▶ [PROBLEM TO SOLVE]:
The result should be an exact copy of only the lines from the one with "5-25-77 is a" through the last line of the data below, with pictures omitted.

▶ [INFORMATION SHOWN]:

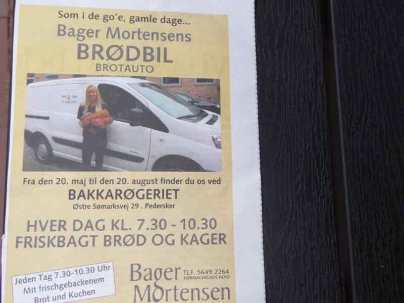 Übersetzung: Der Bäcker aus Nexø, Karsten Mogensen, schickt - nach dem Ende der Bäckerei in Pedersker - seinen Sohn mit einem Verkaufswagen zur Bakkarøgeriet in Østre Sømarken!
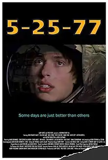 5-25-77 is a coming of age film written and directed by Patrick Read Johnson and produced by Fred Roos and Gary Kurtz. It stars John Francis Daley as a teenage filmmaker living in Wadsworth, Illinois, and his excitement for the premiere of Star Wars on May 25, 1977.[1] Johnson began funding the project in 2001 and filming took place from 2004 to 2006. Additional shots were filmed in 2015 and 2016, making the filming span a total of thirteen years.
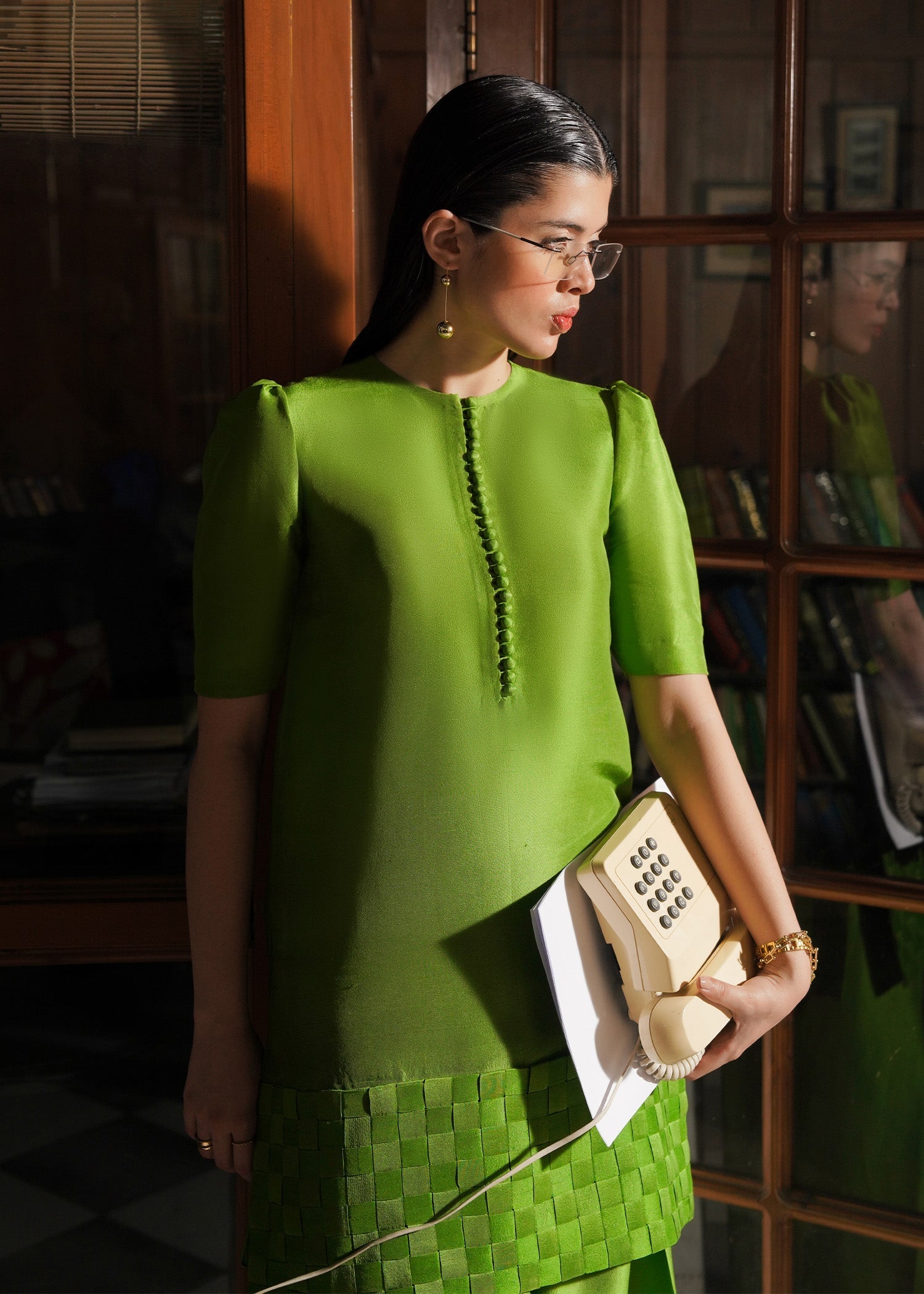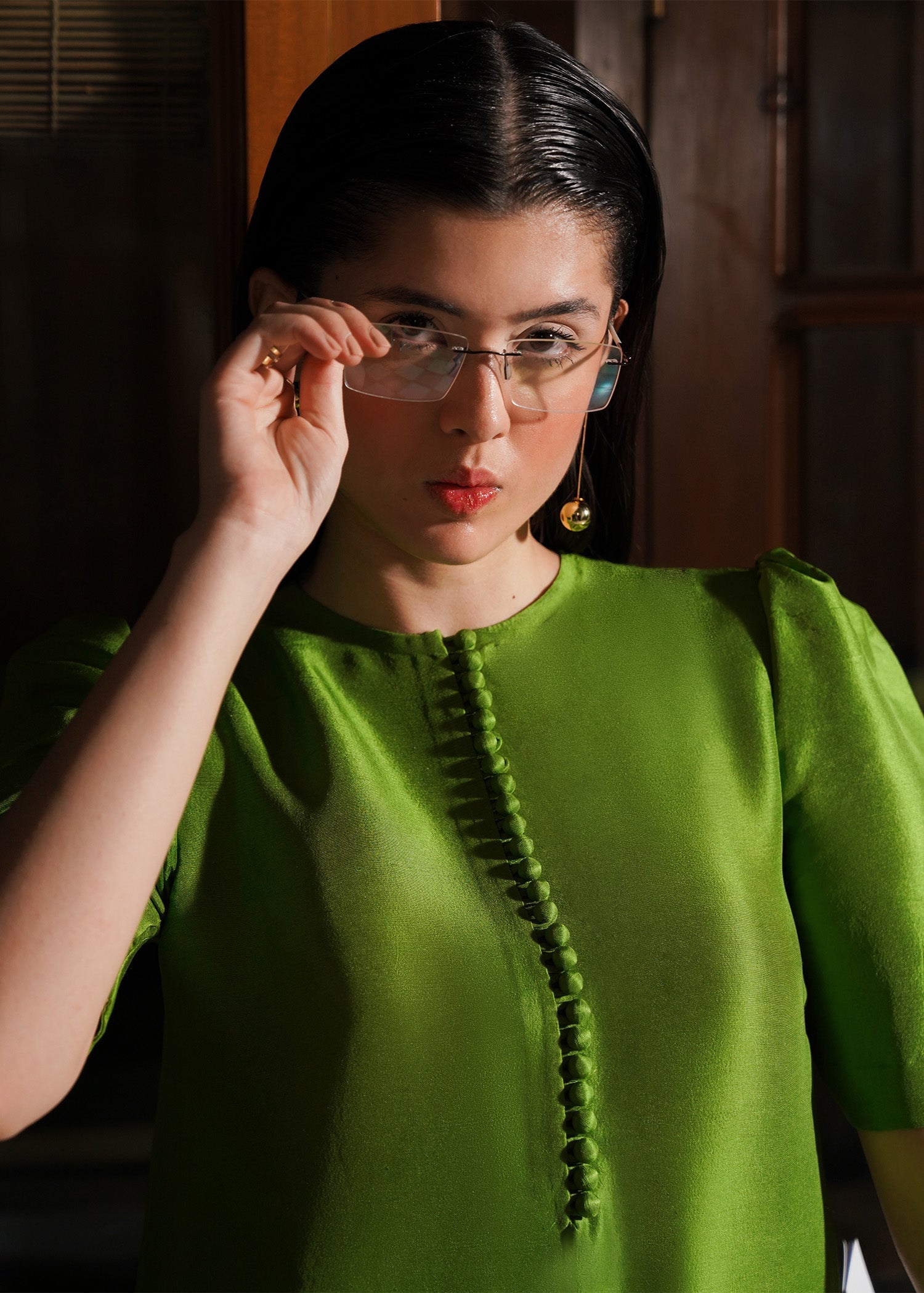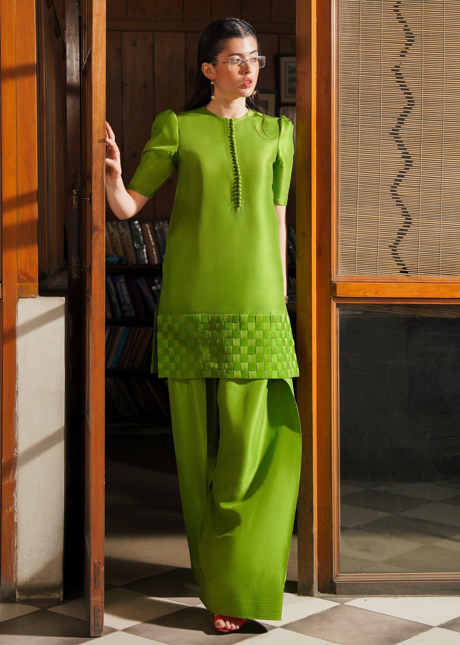 A green raw silk shirt with loop buttons detail on the crew neckline and puff sleeves with weaving details on the hem in same and darker shade of green which is giving it a chic look. It is paired with same green shalwar.

▶ [RESPONSE]:
 5-25-77 is a coming of age film written and directed by Patrick Read Johnson and produced by Fred Roos and Gary Kurtz. It stars John Francis Daley as a teenage filmmaker living in Wadsworth, Illinois, and his excitement for the premiere of Star Wars on May 25, 1977.[1] Johnson began funding the project in 2001 and filming took place from 2004 to 2006. Additional shots were filmed in 2015 and 2016, making the filming span a total of thirteen years.
 A green raw silk shirt with loop buttons detail on the crew neckline and puff sleeves with weaving details on the hem in same and darker shade of green which is giving it a chic look. It is paired with same green shalwar.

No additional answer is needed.